Macam-macam aliran sesat di
Indonesia
Ada beberapa aliran yang oleh MUI
di fatwakan sesat, dalam hal ini sekalipun MUI bukan menjadi dasar sumber
hukum, namun tidak bisa dibantakahan lagi, bahwa apa yang dikeluarkan MUi dapat
menjadi rujukan dasr hukum dalam hal ini menjadi hukum materiil, maka dibawah
ini hanya beberapa dari puluhan bahkan ratusan aliran sesat di Indonesia.

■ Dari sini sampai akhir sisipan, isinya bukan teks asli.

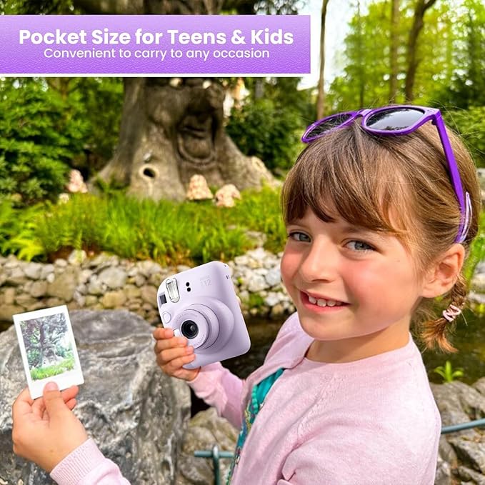 Fujifilm Instant Mini 12 Instant Camera + BluebirdSales Accessory Bundle & Custom Case + Fuji (20 Shots) Film + 5 Color Lens Filters + Mini Frames Designer Mini Photo Album (60 Pockets) (Lilac Purple)
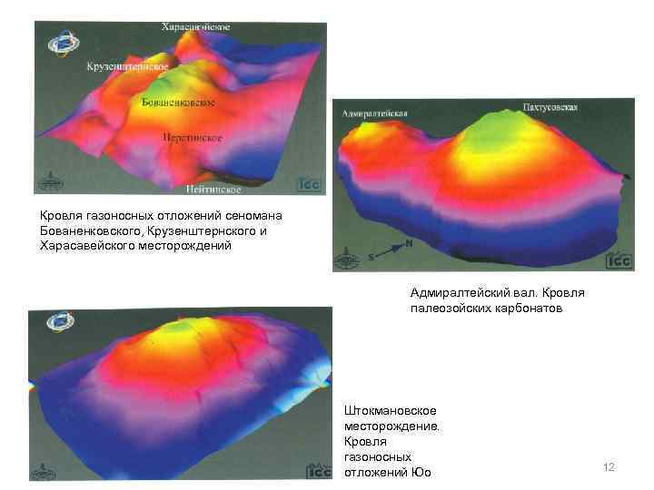 Кровля газоносных отложений сеномана Бованенковского, Крузенштернского и Харасавейского месторождений Адмиралтейский вал. Кровля палеозойских карбонатов Штокмановское месторождение. Кровля газоносных отложений Юо 12
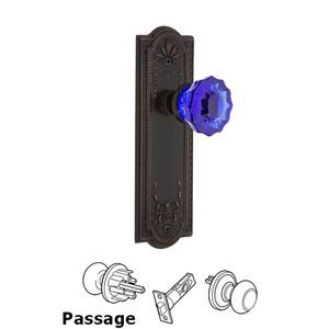 Meadows Collection - Nostalgic Warehouse - Passage - Meadows Plate Crystal Cobalt Glass Door Knob in Timeless Bronze by Nostalgic Warehouse - 720666 | MyKnobs

Vonis tentang aliran sesat sudah dijatuhkan hakim pada
pemimpin kerajaan tuhan Eden yaitu Lia Aminudin yang mengaku
sebagai Jibril Ruhul Kudus dari kerajaan Tuhan "Eden". Sedangkan aliran sesat al-Qiyadah
al-Islamiyah dan Pengajian al Qur’an
suci masih dalam proses hukum. Sebelum itu, ada kasus Yusman Roy yang melakukan
sholat dengan bahasa Indonesia.
Munculnya
aliran sesat al-Qiyadah al-Islamiyah terkait kondisi terpuruknya ekonomi serta
gagasan tentang ratu adil dan penyelamatan. Para pengikutnya adalah orang-orang
yang merasa kehilangan harapan ke depan sehingga kemunculan tokoh seperti Ahmad
Mushaddeq memang ditunggu-tunggu mereka. Menurut Hasyim adanya aliran sesat mirip saat masa prolog G30S PKI
pada tahun 1964-1965.[7]
Mushaddeq
yang bernama asli Abdul Salam itu sebelumnya aktif melatih bulu tangkis mulai
1971-1982. Setelah tidak melatih, dia mempelajari al-Quran secara otodidak.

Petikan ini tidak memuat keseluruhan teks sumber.